Das 6 is easier to use. The other will correct better.


----------



## GSVHammer (Feb 7, 2009)

Imprezaworks said:


> Das 6 is easier to use. The other will correct better.


I'd go the other way round. Forced Drive are easier to use as the learning curve is lower. There is no pad stall.

Free Spinning you have to learn not to stall the pad and the final finish will be marginal better than Forced Drive.


----------



## Walesy. (Oct 1, 2009)

GSVHammer said:


> I'd go the other way round. Forced Drive are easier to use as the learning curve is lower. There is no pad stall.
> 
> Free Spinning you have to learn not to stall the pad and the final finish will be marginal better than Forced Drive.


I would agree with you mate.

I found my DAS6 stalled when you looked at it funny, despite many hours behind it, still frustrated me. 
I bought a Rupes Mille to replace it


----------



## Dave KG (Feb 23, 2006)

You pays your money...

Forced rotation has come a long way since I last used one (Flex 3401), and to be honest, neither would be my choice given the option to enjoy the smooth correction of a rotary. I'd be interested if forced rotation polishers can match the sharpness and clarity from a rotary if the abrasives are being broken down more 'randomly' on very soft dark paint was this was often a talking point between random and rotary. Difference in finish negligible on most paint finishes.
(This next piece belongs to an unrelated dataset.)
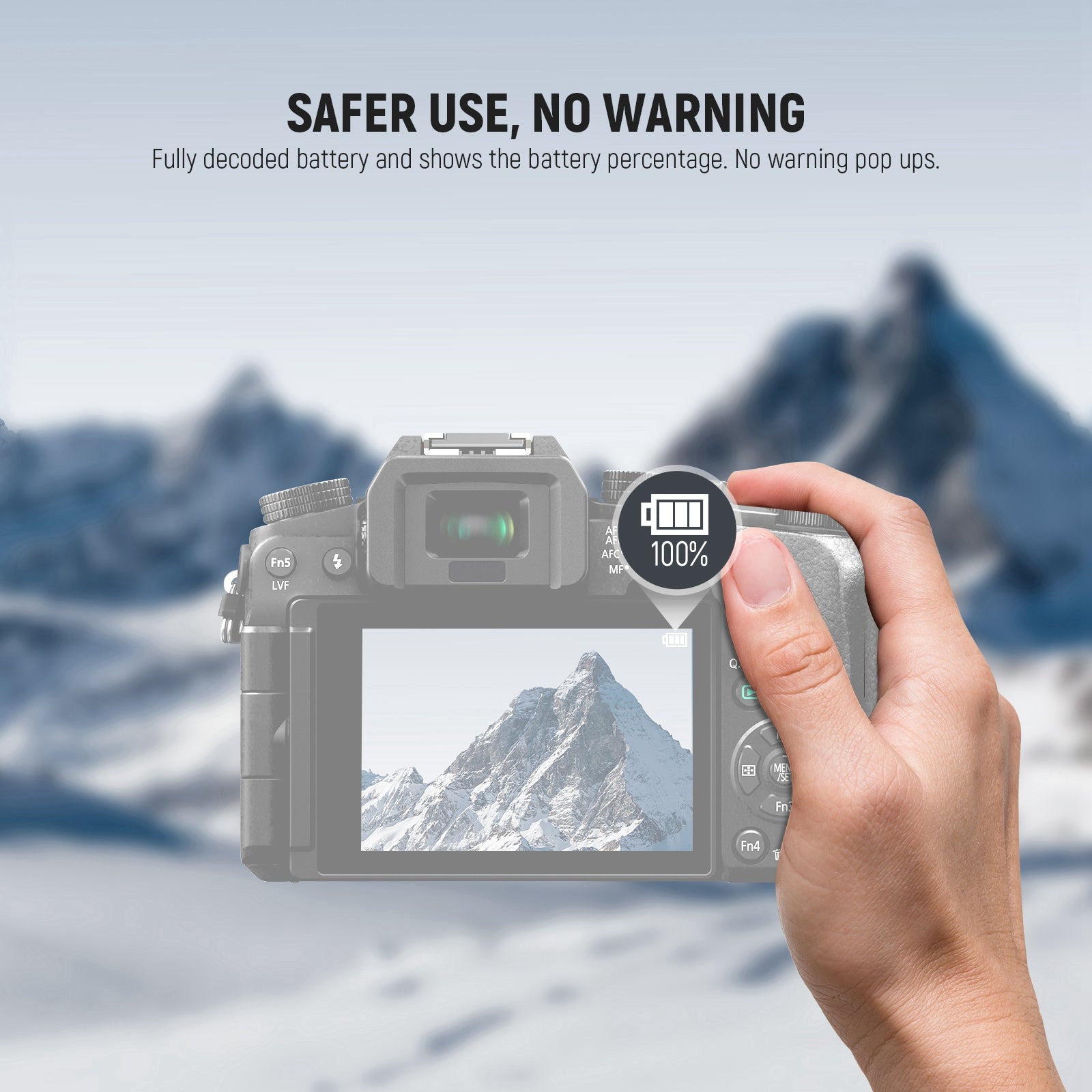 - Replacement Battery for DMW-BLC12- Fully compatible with Lumix DMC-G7 DMC-G85 DMC-G5 DMC-FZ300 DMC-FZ2500 DMC-FZ1000 DMC-GH2 DMC-FZ200 DMC-G6 DMC-GX8 DC-G90 Sigma FP FP L V-LUX 5, this decoded battery provides a consistent and stable battery level. The battery percentage will be shown on the camera screen. Note: Fully discharge the battery before charging it for the first time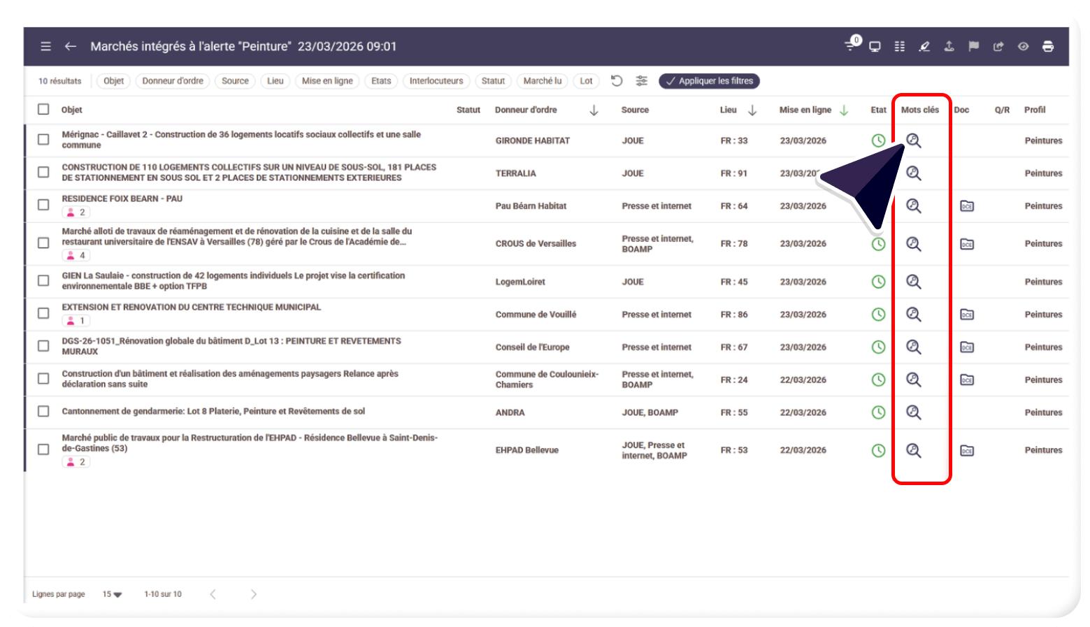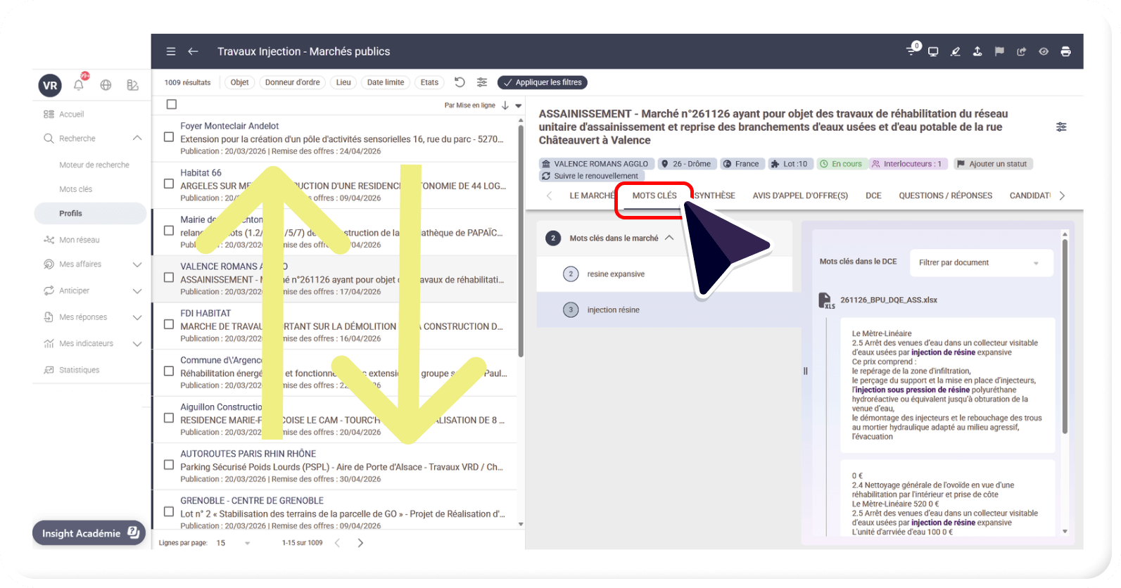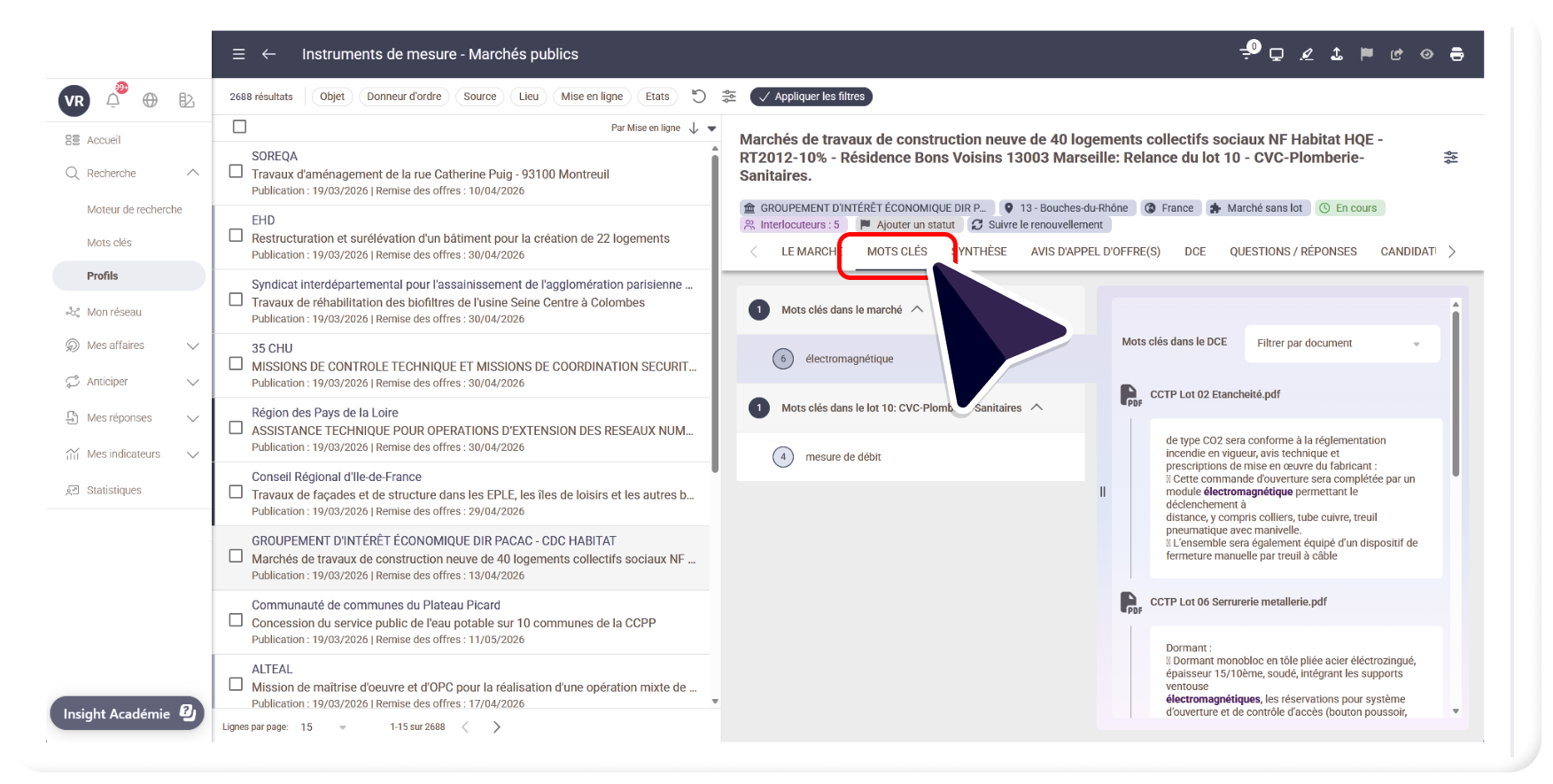 - Autrement dit, vous pouvez ainsi identifier quels sont les mots clés, ayant permis la livraison de l’appel d’offres et s’ils ont été détectés dans l’annonce, dans les lots et/ou le DCE.

Whatever you choose, take time to learn the quirks and how to get the best from the machine and don't second guess your choice. Both tyres will correct well if you learn how to use them (one may take more time than the other), and finish well. They'll be different in use - pad stall is an issue with a DAS-6 for example, but this can be mitigated by using 'harder' pads rather than softer ones that can be more prone to bogging down (eg using a hex white polishing rather than a 3M yellow polishing, the latter I would personally say is much better suited to rotary use).


----------



## Cockney1967 (Sep 24, 2017)

Lmao. 3 different views. I love the fact that everyone has there own preferences. 
I think as it's my first one I shall go for the I attached. Reason is I don't need big correction and using the pads rather than different compounds I'm hoping this will introduce me to detailing. With minimal confusion and work up from here. 
https://www.cleanyourcar.co.uk/das-6-v2-scholl-s20-black-kit


----------



## Dave KG (Feb 23, 2006)

All valid opinions as well - that's why I stand by my advice to learn the machine you buy, and don't second guess your choice. What yo have bought will do the job nicely, learn how to get the best from it and you'll be happy


----------



## NickA (Jun 15, 2008)

Walesy. said:


> I would agree with you mate.
> 
> I found my DAS6 stalled when you looked at it funny, despite many hours behind it, still frustrated me.
> I bought a Rupes Mille to replace it


I had a Das 6 Pro Plus which I sold as I wasn't really using it as I have the Vertool forced rotation. I'm considering going to the Rupes Mille at some point. What are your thoughts on it having used the Das 6?

Thanks :thumb:


----------



## Walesy. (Oct 1, 2009)

NickA said:


> I had a Das 6 Pro Plus which I sold as I wasn't really using it as I have the Vertool forced rotation. I'm considering going to the Rupes Mille at some point. What are your thoughts on it having used the Das 6?
> 
> Thanks :thumb:


The Mille is certainly a nice bit of kit to use, you dont go in after a session feeling like your hands and arms are buzzing..if that makes sense? Whereas the DAS6 exhausted me.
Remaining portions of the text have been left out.